TASK REQUIREMENTS: Please write out every line of the listing without alteration, but omit the images.

GIVEN DATA below:

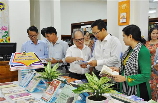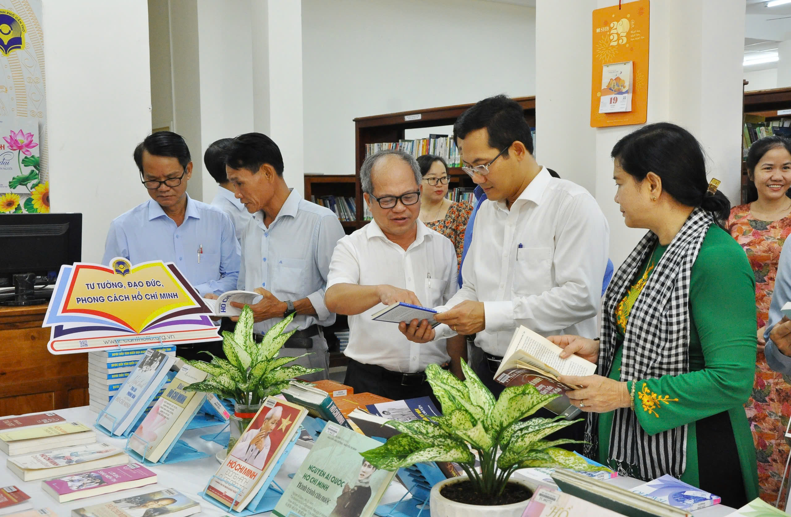 Các đại biểu tham quan không gian triển lãm sách chuyên đề “Hồ Chí Minh - Vĩ đại một con người” tại Thư viện thành phố Cần Thơ.
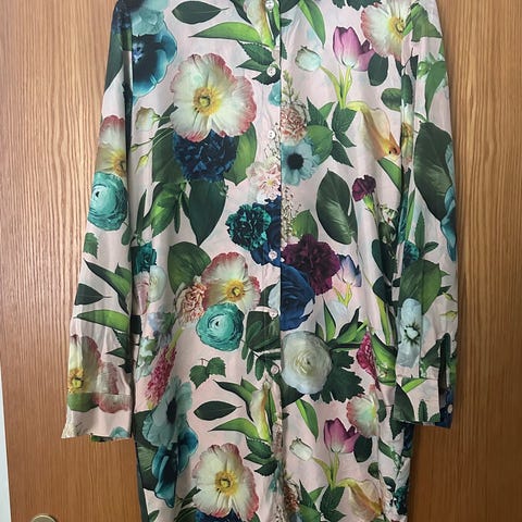SS16 malliston upea Uhanan mekko v-kaulanaukolla. Silkki/puuvillasekoitetta. Käytetty säästellen. Materiaali ei jousta. Mmm.
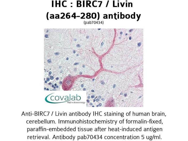 - Reacts with synthetic peptide (CRAPVRSRVRTFLS) corresponding to amino acids 264 to 280 of the short form and 281 to 298 of the long form of human Livin (1,3) This sequence is identical between a and b forms of the Livin proteins

End of GIVEN DATA.

ANSWER BELOW:
 Các đại biểu tham quan không gian triển lãm sách chuyên đề “Hồ Chí Minh - Vĩ đại một con người” tại Thư viện thành phố Cần Thơ.
SS16 malliston upea Uhanan mekko v-kaulanaukolla. Silkki/puuvillasekoitetta. Käytetty säästellen. Materiaali ei jousta. Mmm.
 - Reacts with synthetic peptide (CRAPVRSRVRTFLS) corresponding to amino acids 264 to 280 of the short form and 281 to 298 of the long form of human Livin (1,3) This sequence is identical between a and b forms of the Livin proteins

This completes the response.